I also look for what can help me make it through the day along with motivators by which to continue the journey we have in Christ. Purpose and meaning are especially central in my view of the world as well, and if possible, a larger, more incorporated, integral understanding of our lives in this vast universe is something I'd prefer to have too, if at all possible. The difference here in my thought from what you seem to be expressing is that I tend to prefer to only have 'the truth' about reality that I can actually gain, however uncomfortable or discordant it might be. I know that my saying this probably isn't wholly accurate because you too want some reality, but you're seeking more reconciliation of ideas where I attempt to be willing to settle for having less than what I'd prefer to have.
For some folks a literal interpretation of the Bible is all they need. Other, traditional doctrines or creeds. But I always seem to ask what any of that actually means and do I really believe it.
None of that serves me as a central core of concern. Not a literal interpretation, not creeds, not extraneous and extrapolated doctrines. Just existence as it is and as it might possibly be known on a human level, to whatever degree.
So I am among those who look for answers I can’t even understand. But as long as I have some sort of theory that makes at least some sense to me, it helps me to live.
I'm a little different than you perhaps; I only want to entertain theories that have some substantive evidence supporting the explanation we try to assert. Otherwise, in my estimation, it's just speculation and speculation doesn't bake any bread for me. It might for other people. I get that. But for me, it doesn't. That's why I identify as both an existentialist and an evidentialist. But everyone's different, and I understand all too well that we are not clones and can't expect everyone to be on the same, identical epistemic page.
So, the nature of God and humans, how we relate and where we are going, while remaining enmeshed in sacred mystery, still are important to me. So the human questions are intertwined with the God questions.
As they are for me as well. I think they are for many or most of us who identify as Christian in some form or another.
Can you say more about a Pascalian view?
The first thing I'd say is that by a "Pascalian View," I don't mean some sort of Pascalian-ism, most especially a view that is truncated and despoiled of all additional contexts by a hyper-fixation upon the one bit of Pascal's thought that has become identified all too often as his main contribution to apologetics: his Wager.
No, in this case, Pascal, like so many of the theologians I read, serves as but one influence among many and allows me to affirm our common existential plight in this life without being cited for moral deficiencies due to a false application of Pauline theology or a lack of rational justification via a Cartesian conclusion. And that's the starting point: that we exist and will continue to exist in this life with
Uncertainty.
So, I've said "more" and there'll I'll stop because I don't want to derail this thread and push it onto another tangent.

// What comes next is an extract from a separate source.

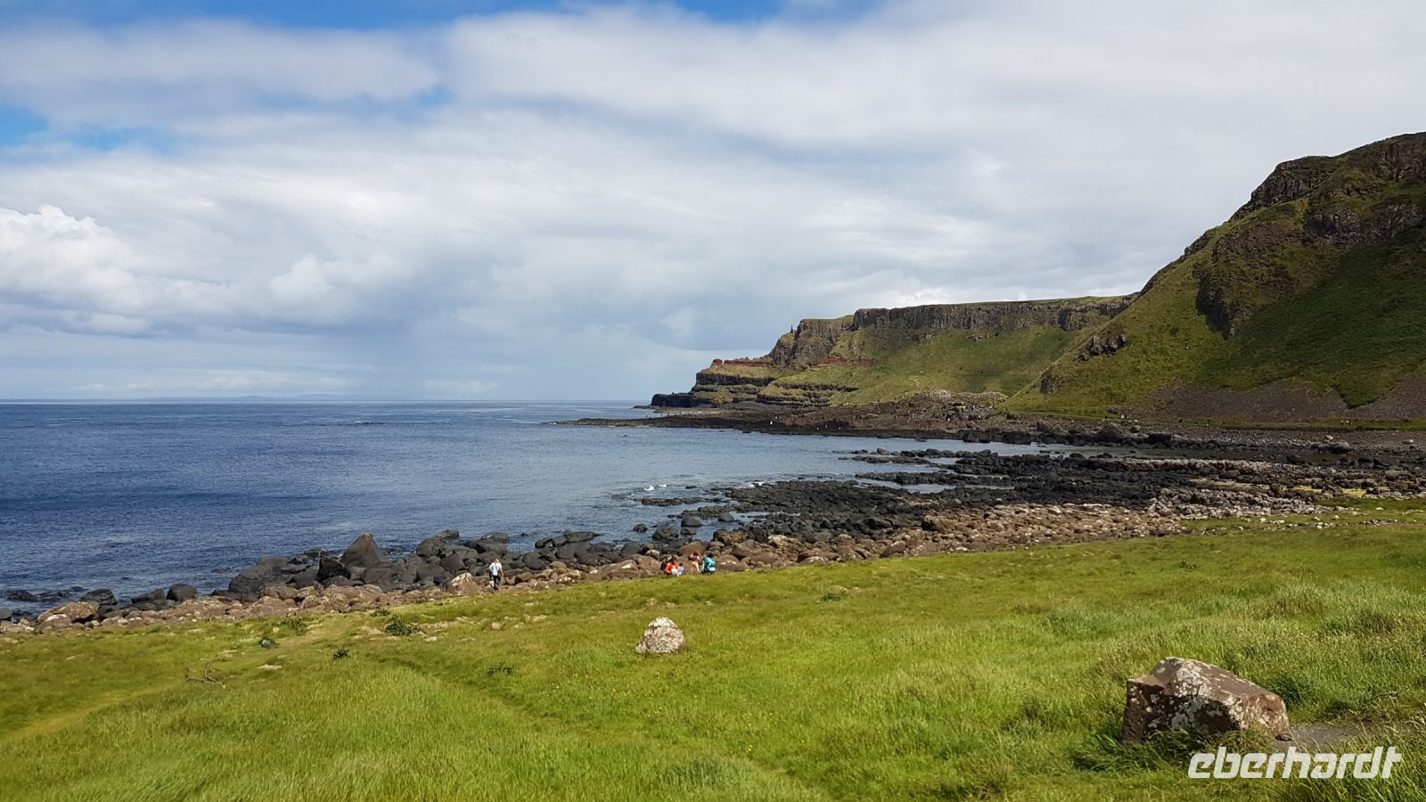 Bald erreichten wir eine der bekanntesten Sehenswürdigkeiten Nordirlands: Am Giant's Causeway sahen wir die vor 60 Millionen Jahren entstandenen zumeist sechseckigen Basaltsäulen. Wir kletterten auf diesem Wunder der Natur umher, das seit 1986 zum Unesco Weltkulturerbe gehört. Während unseres Aufenthaltes erlebten wir typisch irisches Wetter, das sich sehr wechselhaft zeigte, mal Sonne, mal Wolken, mal etwas Regen. Glücklicherweise begann es erst heftiger zu regnen, als wir schon im Bus saßen auf dem Weg zu unserem Hotel. Wir fotografierten Dunluce Castle und fuhren an Derry/Londonderry vorbei.

We can continue to talk about Teilhard de Chardin or Whitehead, or whomever you're intending to focus on.
One thing I will say about Teilhard de Chardin is that, even though I may disagree with his overall project, I appreciate the fact that as a scientist (paleontologist) and a theologian, he attempted to take the bull of Evolution by the horns and reconcile it with the Christian Faith. It's not the way I'd handle the topic of Evolution, but I appreciate his philosophical effort to do so.